Now island is ready to receive vaccines

GUERNSEY is ready to receive vaccines, after a dummy run was carried out last week.

Director of Public Health Dr Nicola Brink with the UK press release about the approval of the Pfizer BioNTech vaccine. (Picture by Peter Frankland, 28975729)
Director of Public Health Dr Nicola Brink with the UK press release about the approval of the Pfizer BioNTech vaccine. (Picture by Peter Frankland, 28975729)

It is unclear when vaccines will start to arrive in the island, but a States of Guernsey spokesperson said that a dummy run has now taken place. ‘This was to check the ordering and delivery process and associated timescales,’ they said.

‘No actual vaccine was used to check the process.

‘We are ready to receive and administer whichever vaccine is designated by the Committee for Health & Social Care for use in the Bailiwick.’

It is unclear how the vaccine will travel to the island or when the first doses will arrive.

A States of Guernsey fortnightly press conference is expected on Friday, but is not yet confirmed.

A Government of Jersey briefing last night said that it would administer its first batch of the vaccine on Monday.

The news comes as the UK confirmed it will begin a mass vaccination programme today, with older people, health workers and carers and expected to get the first doses. In Guernsey, there are currently three active cases of Covid-19, after one person recovered. These have come from inbound travellers and not the community.
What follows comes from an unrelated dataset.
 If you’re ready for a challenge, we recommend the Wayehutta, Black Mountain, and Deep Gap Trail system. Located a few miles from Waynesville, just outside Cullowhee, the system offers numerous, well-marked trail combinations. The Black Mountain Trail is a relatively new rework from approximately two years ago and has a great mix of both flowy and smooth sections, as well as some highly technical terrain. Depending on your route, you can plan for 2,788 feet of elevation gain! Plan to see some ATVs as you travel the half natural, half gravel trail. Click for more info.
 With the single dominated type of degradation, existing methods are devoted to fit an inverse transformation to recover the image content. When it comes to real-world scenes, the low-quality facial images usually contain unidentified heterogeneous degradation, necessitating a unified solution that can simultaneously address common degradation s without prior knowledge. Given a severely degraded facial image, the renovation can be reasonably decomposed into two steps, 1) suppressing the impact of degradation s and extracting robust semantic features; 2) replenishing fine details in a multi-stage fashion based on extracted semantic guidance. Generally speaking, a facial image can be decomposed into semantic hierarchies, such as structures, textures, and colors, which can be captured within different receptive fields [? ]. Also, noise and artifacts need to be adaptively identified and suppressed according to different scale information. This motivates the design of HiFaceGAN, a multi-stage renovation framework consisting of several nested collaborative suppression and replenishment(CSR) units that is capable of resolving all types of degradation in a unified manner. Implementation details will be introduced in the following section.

Hundreds of people are currently in quarantine, after travelling into the island ahead of Christmas.

Aurigny offered extra flights from regional airports last week, and 879 people travelled into the Bailiwick between Friday and Sunday. Arrivals were offered the chance to have a test on arrival. However, the tests are not mandatory.

Public Health confirmed that 710 people – 81% of the travellers – opted for the test when they arrived at the airport or harbour, all of which came back negative.
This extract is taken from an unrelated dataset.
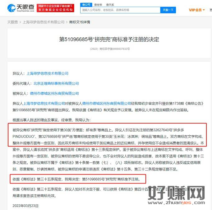 文书显示,上海寻梦信息技术有限公司对德州市一商贸公司申请的“拼兜兜”商标提出异议
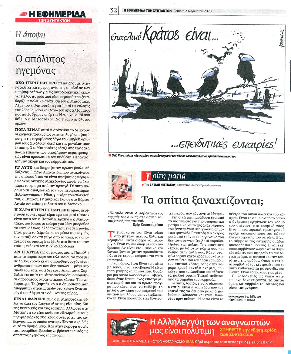 Η ΕΦΗΜΕΡΙΔΑ ΤΩΝ ΣΥΝΤΑΚΤΩΝ - 2 Αυγούστου 2023

Of the 169 who did not take a day one test, some were children under 12, while some others were unable to take a test.

Unless they have an exemption, all arrivals into the island must quarantine for 14 days, even if they have a negative test result on arrival.

Travel Tracker programme director Richard Evans said the teams processing travellers had worked very hard over the weekend to cope with the spike in travellers coming home for the holidays.

He added that people must self-isolate.

‘We know that this is challenging and we thank them to sticking to the rules and working with us to keep the Bailiwick safe this winter,’ he said.

Director of Public Health Dr Nicola Brink said the pathology laboratory team processed 839 Covid-19 samples over the weekend alongside all of their other diagnostic work, and some swabs from late on Sunday were still being processed.

‘The fact that we have not identified any positive results from these 839 tests tells me that travellers from the UK have been complying with the Covid-19 restrictions where they were living, which is excellent news for the Bailiwick,’ she said.

‘Once again, I would like to thank returning students for their continued cooperation – this is really appreciated.

‘We now need those returning travellers to respect the self-isolation requirements imposed on them for 14 days. I know it is difficult, but it is necessary to ensure we can continue to work and socialise in our Bailiwick bubble.’